## Work task
Retype the records below exactly as given, but only from the first line through the line with "उदयपुर में झील", and without the pictures.

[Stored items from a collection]

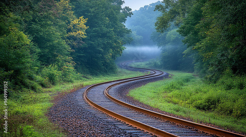 Fototapeta premium railroad track curves gently through vibrant green foliage, creating a tranquil scene that symbolizes journey, hope, and the seamless blend of nature and travel
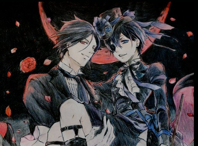 シエル × セバスチャン 完成しました!! 楽しかったです😆 初めて背景も全部描いてみましたが どうでしょうか?(_ _)💦 #シエル・ファントムハイヴ #セバスチャン・ミカエリス #黒執事 #模写 #色鉛筆 #イラスト #絵描きさんと繋がりたい
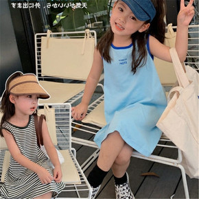 夏季女童连衣裙宝宝网红洋气儿童个性潮牌韩版字母条纹...
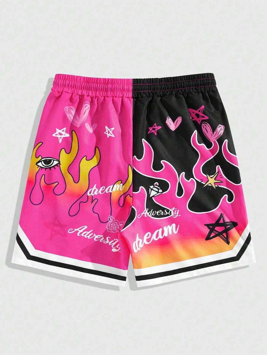 Street Life Men's Symmetrical Flame Printed Woven Basketball Shorts Suitable For Daily Wear In Spring And Summer, School
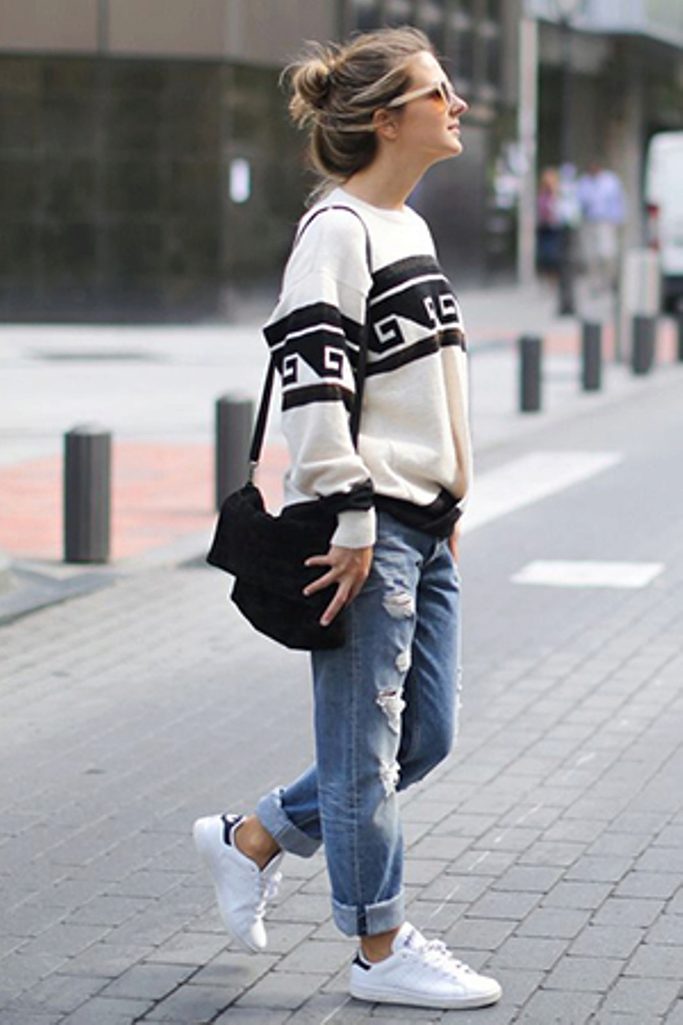 Spectacular outfit for cool weather: a warm knitted sweater, decorated with fur and snow-white jeans.
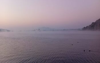 उदयपुर में झील पर उतरे बादल:शीतलहर ने गिराया उदयपुर का पारा, कोहरा इतना कि गाायब हो गई फतहसागर झील
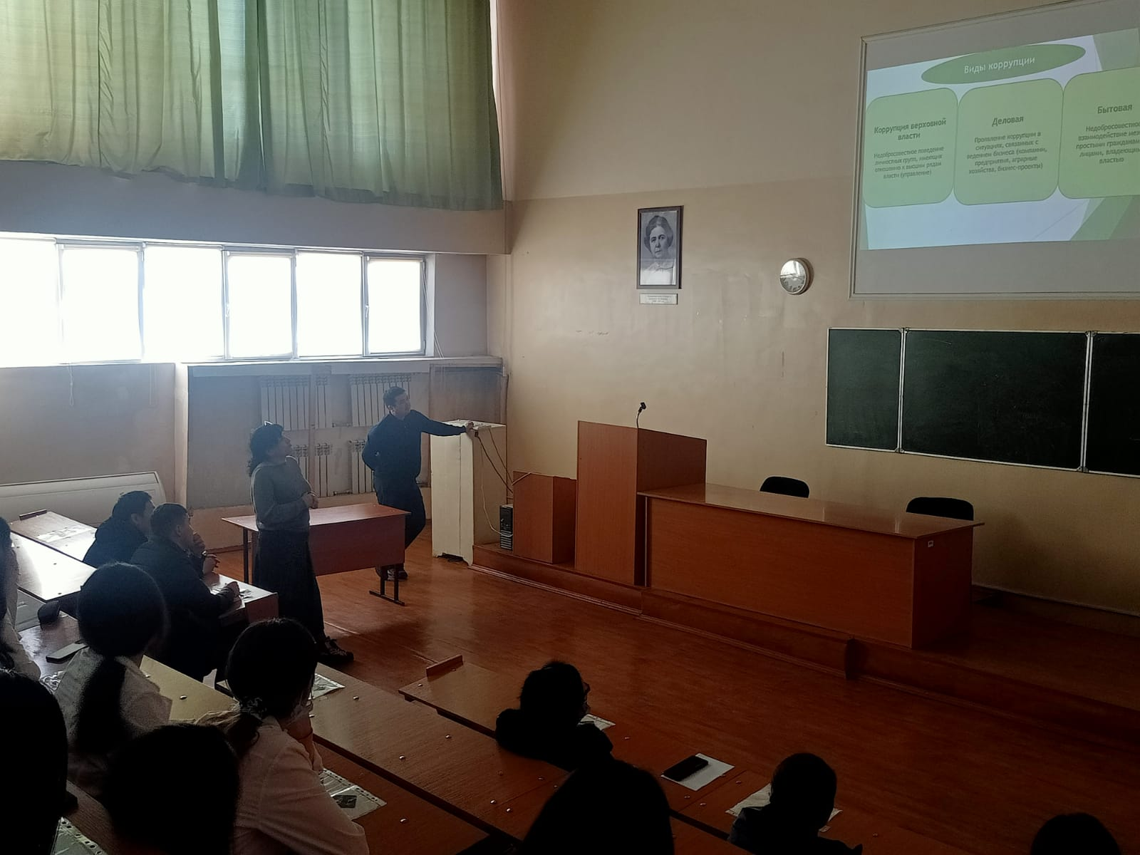 Заведующая кафедрой «Медицинское право» Богатырева Л. Б. рассказала студентам о том, какую правовую ответственность несет каждый человек за коррупционные преступления. Она подчеркнула что основной целью закона — «О противодействии коррупции» является регулирование общественных отношений в сфере противодействия коррупции и реализация антикоррупционной политики в Республике Казахстан. Лидия Башировна представила информацию, о том, как индекс восприятия коррупции составляется международной непровительственной организацией Transparency International с целью демонстрации оценки уровня восприятия коррупции аналитиками.
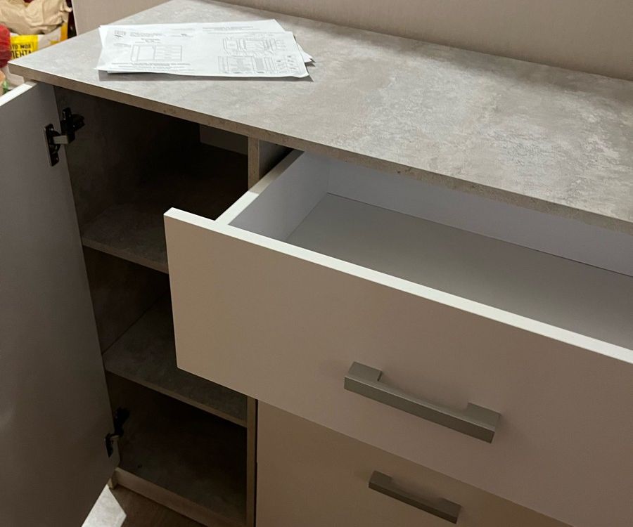 Выбирали комод по фото. Даже не ожидали, что комод окажется настолько качественным и красивым! Все детали без дефектов и сколов, что очень порадовало! Достаточно крепкая фурнитура, крепкие салазки. Приятно, что продавец очень внимательный и положил даже наклейки для того, чтобы закрыть место крепления! Однозначно рекомендую к покупке! Теперь хотим угловой шкаф и тумбу из этой же серии мебели, чтобы собрать комплект.

## Answer below
 Fototapeta premium railroad track curves gently through vibrant green foliage, creating a tranquil scene that symbolizes journey, hope, and the seamless blend of nature and travel
 シエル × セバスチャン 完成しました!! 楽しかったです😆 初めて背景も全部描いてみましたが どうでしょうか?(_ _)💦 #シエル・ファントムハイヴ #セバスチャン・ミカエリス #黒執事 #模写 #色鉛筆 #イラスト #絵描きさんと繋がりたい
 夏季女童连衣裙宝宝网红洋气儿童个性潮牌韩版字母条纹...
 Street Life Men's Symmetrical Flame Printed Woven Basketball Shorts Suitable For Daily Wear In Spring And Summer, School
 Spectacular outfit for cool weather: a warm knitted sweater, decorated with fur and snow-white jeans.
 उदयपुर में झील पर उतरे बादल:शीतलहर ने गिराया उदयपुर का पारा, कोहरा इतना कि गाायब हो गई फतहसागर झील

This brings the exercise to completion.